In the fourth part of my event sourcing series, we’ll take a look at why long event streams – streams with lots of events – are a problem and what options there are to deal with this problem. Why read models are not always enough to solve performance issues due to long event streams. And of course, I’ll discuss the involved trade-offs.
The problem of long event streams
When we project an event stream with a couple of events (or probably even hundreds), this is very quick. However, when event streams grow longer and reach several thousand events, the projection begins to take quite some time and resources: CPU load and data transfer from storage.
The number of events that are acceptable to project depends on many things:
- The still acceptable request time
- The compute power to make the projection
- The database query speed and I/O throughput
- The projection-complexity: how fast are the individual event applications (updating the current value with the next event)
But read models solve this already, don’t they?
When you need fast queries and can live with slow commands, a read model is probably a good enough solution. The read model makes queries faster because no events need to be projected when querying data.
However, commands should always read and project the events, not query the read model. They should take their knowledge from the single source of truth – the events. This prevents problems with concurrency (e.g., the read model not yet updated) or when a bug results in incorrect read model data. Yeah, that shouldn’t happen, but believe me, it does.
So the longer the event streams, the longer the commands take to execute. And updating the read model takes longer as well when you go with an eventually consistent approach (it needs to reproject events). Again, you should act only when response times are a problem. Therefore, measure the response times in your system.
If you have to change a read model and need to reproject all events, this might heavily affect the migration duration.
Finally, debugging a problem in a long event stream can quickly become overwhelming.
How to prevent long event streams?
There are several options to prevent long event streams:
- Snapshots (inside or outside of the event stream)
- Stream compaction
- Split the thing you project
- Absolute Events (special case for special situations)
Snapshots
Instead of projecting the entire event stream, we introduce snapshots periodically that capture the projection state at that point in the stream. When we query the events, we get the latest snapshot and all later events, and project only these.

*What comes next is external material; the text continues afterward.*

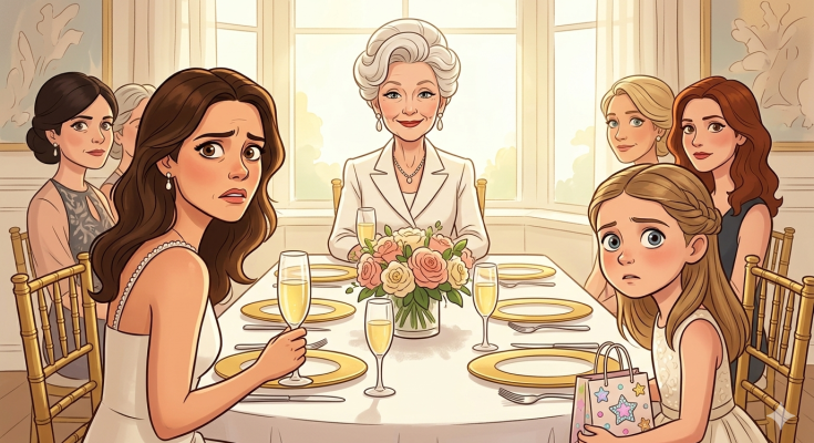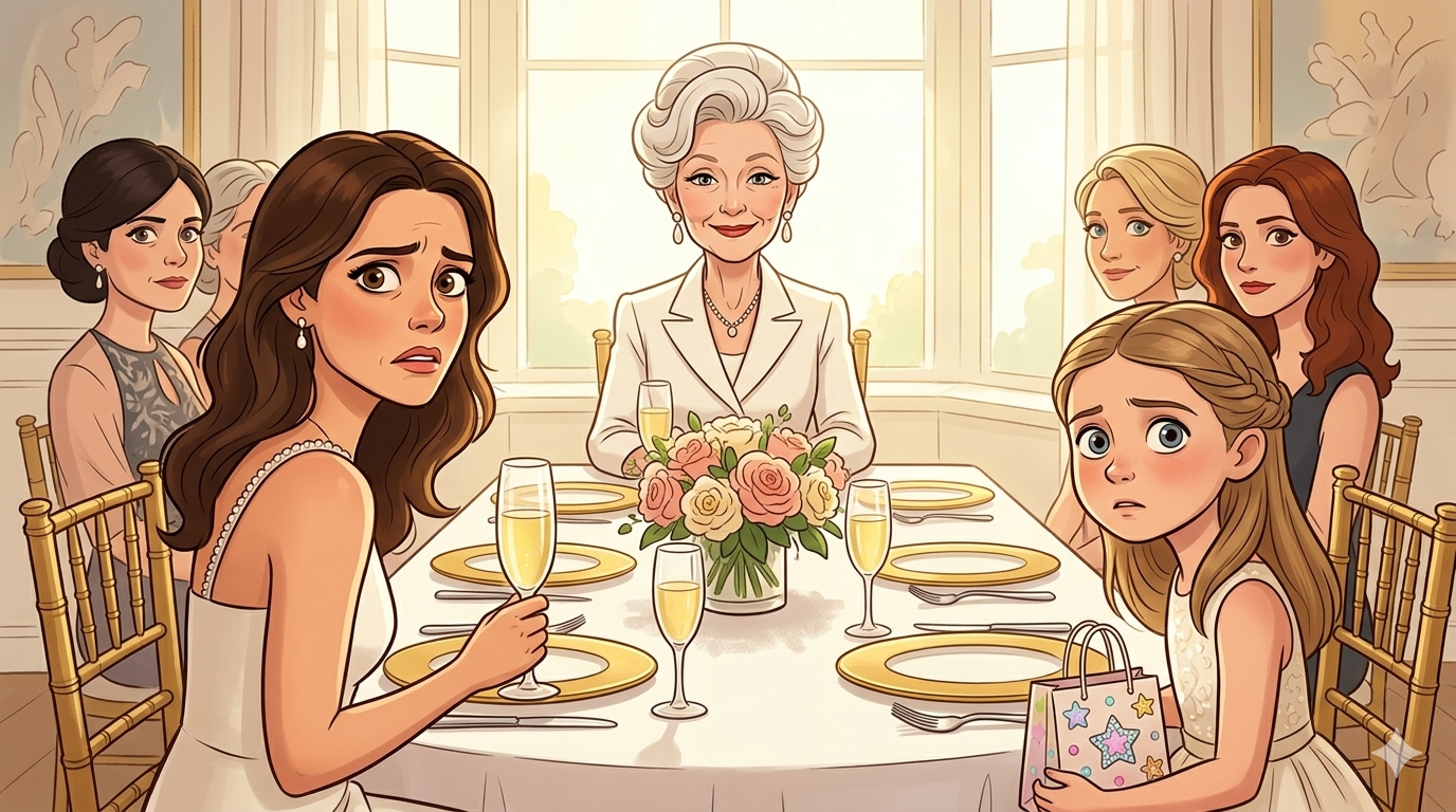 My daughter’s body went still. Her hands tightened around her gift bag. I saw her swallow, saw her eyes widen slightly like she wasn’t sure she’d heard correctly.
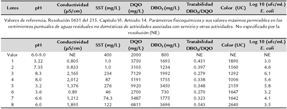 En los laboratorios de docencia para las asignaturas de Microbiología se producen residuos líquidos provenientes de las tinciones biológicas; desde el año 2012 estos subproductos se colectan, se almacenan y se entregan a una empresa externa para que realice su disposición final apropiadamente. Adicionalmente, durante todo este tiempo se han realizado muestreos puntuales (2012 - 2016) para conocer sus características físicas, químicas y microbiológicas. Como se puede observar en la Tabla 3, la composición de los residuos líquidos varía en cada lote de muestreo, las concentraciones de algunos de ellos fueron altas y no cumplen con la normatividad vigente para Colombia (Ministerio de Ambiente y Desarrollo Sostenible, Resolución 0631 del 2015).

A snapshot can either be a special event that is also part of the event stream, or it can be stored in its own place. Choose whatever is simpler with your storage choice.
Snapshots provide very good performance because you can cut the stream length to whatever length works for you by inserting snapshots more or less frequently. They are conceptually also rather simple, and libraries typically support them well (I’m not an Event Sourcing library expert, don’t trust me blindly on this!)
The disadvantage of snapshots is that as the domain model evolves, they may need to be adapted, or you may need to support multiple versions of snapshot events. We’ll come back to versioning later in this series, but for now, I’ll just note that maintaining a larger number of versions can become cumbersome and error-prone.
Stream compaction
When compacting an event stream to reduce the number of events, we replace many old events with fewer, more meaningful ones. For example, instead of 10 000 ItemAdded events → one InventorySet event.

Whether this approach is applicable depends on the kind of events you have.
Furthermore, we change the event stream completely – no more “append only of immutable events”. If this is important to you, then this approach is not for you.
As a side effect, we replace a fine-grained history with a coarser one. Again, consider whether this is important for you.
Split the thing you project
This is the best option if you can split the thing* into meaningful parts. This makes obviously only sense when you don’t have to read all the split out events all the time when you need this thing.
So, I suggest that you review your use cases, queries, and views to understand which data they use and whether you can identify a subset that maps well to a dedicated event stream. Another idea is to split events into buckets, for example, events per year, semester, or season. Maybe registration events can be bucketised by the year they are happening, and we query only a year at once. Get creative with this approach, but always think from the domain via your model to the event stream. The domain should always be the driver.**

Of course, splitting an already existing thing with many already existing events needs a migration.
* No, I won’t call it an Aggregate. IMHO a very bad choice for a name coming from Domain Driven Design. An Aggregate in DDD should be called something like a Consistency-Boundary-Providing-Thing 😊. And more so, DDD has nothing to do with Event Sourcing, so why use a name from DDD anyway?
** This doesn’t mean that your models and event streams have to match the real-world domain one-to-one perfectly. The models and event streams should primarily make your business logic code simple and easy to maintain. Being conceptually close to the real-world domain helps communication with domain experts, customers, and users. That is nice, but IMHO source code needs a mapping anyway, and should support performant, easy to maintain code foremost (Domain Driven Design and Object Oriented Programming are full of good ideas, but don’t overdo it 😅).
Absolute Events – a niche solution
Absolute events – a name I invented for this post – are special events that set the state of the projection absolutely. So, all that is needed is the last event in an event stream of absolute events.
Snapshot events are a special case of absolute events because you don’t need events before them.
We are lucky that the longest event streams in our systems – they span several years of multiple events per day – are streams of absolute events. In our case, these are even bi-temporal event streams, which largely preclude the use of read models and snapshots. You already know, more on bi-temporal event sourcing in a later post (or search for it on this blog 😉 – but be warned).
Summary
Long event streams can become a performance issue. If so, there are several options, such as snapshots or splitting, that should help restore a snappy application.
If you hoped for a deep dive today, I must disappoint you. I have to prepare some lectures at the university this week as well.